Note: I'm a big fan of Wikipedia, and of W3C standards for that matter. But I'm a reasonably intelligent reader and after a couple of reads through the paragraph above I still don't really know what SHACL is or what it's for.
In this short article I am going to try to use plain English to illuminate this topic.
TL;DR
Sorry, there goes another irritating acronym. This one is short for "Too Long; Didn't Read" and in a way it's a lesson for people like me to keep it short and simple. Anyway...
SHACL is a structured language that allows you to write rules and use them to test RDF graphs.
That's it in a nutshell. If you want, you can stop here and go and look at a site like SHACL playground (https://shacl.org/playground/). This is a very nice illustration of how to build rules and use them to validate a graph.

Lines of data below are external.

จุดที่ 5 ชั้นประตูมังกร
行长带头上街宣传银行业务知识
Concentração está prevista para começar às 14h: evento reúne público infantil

If you're feeling in need of comprehensive (if mind-numbing to people like me) detail, head to the W3C pages: https://www.w3.org/TR/shacl/ .

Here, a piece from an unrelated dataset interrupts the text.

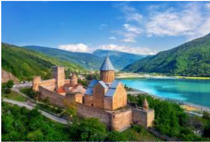
คำ ที่ปัก

Or you are welcome to stay here while I go through progressively more detailed information on what it is, why you would want to use it and how to use it.
Where SHACL is used
SHACL is used to validate an information model for an RDF knowledge graph. The validation process involves setting up a collection of rules based on the properties of the graph. For example (and I'll be working through this step by step later on) you might have a knowledge graph based on family relationships - parent, child, brother, sister, etc - and a set of individuals as part of that graph. You may design, as part of the graph model, the fact that a person (the topmost class in the model under Thing) has to have at least one first name. You can build a SHACL rule to test the person objects and check whether each has a value assigned to the firstName property. When you run the validation on that graph using that rule you will get a report showing any individuals that fail the rule. See the step by step run-through below.
Structure of SHACL
A SHACL file is an RDF file. Here is a simple SHACL file (it's the default that is displayed in Protégé's SHACL tab).

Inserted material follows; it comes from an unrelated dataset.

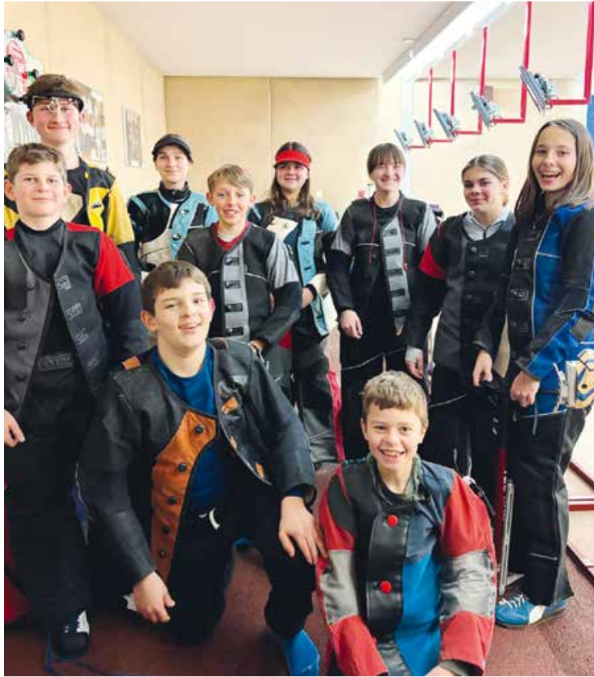
Les juniors de «La Rochette» Montmollin cartonnent au tir petit calibre.

@prefix rdf: <http://www.w3.org/1999/02/22-rdf-syntax-ns#> .
@prefix sh: <http://www.w3.org/ns/shacl#> .
@prefix xsd: <http://www.w3.org/2001/XMLSchema#> .
@prefix rdfs: <http://www.w3.org/2000/01/rdf-schema#> .
@prefix ex: <http://www.example.org/#> .
@prefix owl: <http://www.w3.org/2002/07/owl#> .
ex:PersonShape
a sh:NodeShape ;
sh:targetClass ex:Person ; # Applies to all persons
sh:property [ # _:b0
sh:path ex:ssn ; # constrains the values of ex:ssn
sh:maxCount 1 ;
] ;
sh:property [ # _:b1
sh:path ex:ssn ; # constrains the values of ex:ssn
sh:datatype xsd:string ;
sh:pattern "^\\d{3}-\\d{2}-\\d{4}$" ;
sh:severity sh:Warning ;
] ;
sh:closed true ;
sh:ignoredProperties ( rdf:type owl:topDataProperty owl:topObjectProperty ) ;
.
As usual with RDF the data reduces to triples. The top of the file contains a number of prefix triples that help readability in the rest of the file. The rest of the file is one clause, with the subject ex:PersonShape. Within this clause are some triples that set the rules for PersonShape. The first couple of triples define the PersonShape as being of class NodeShape (the use of "a" is a universally recognised shortcut for rdf:type) and that the rules here are aimed at a Person.
ex:PersonShape
a sh:NodeShape ;
sh:targetClass ex:Person ;
Note that the semi-colon ";" indicates that we are still in the main triple, and will be until it is terminated with a full stop ".". So each of the triples has PersonShape as the subject.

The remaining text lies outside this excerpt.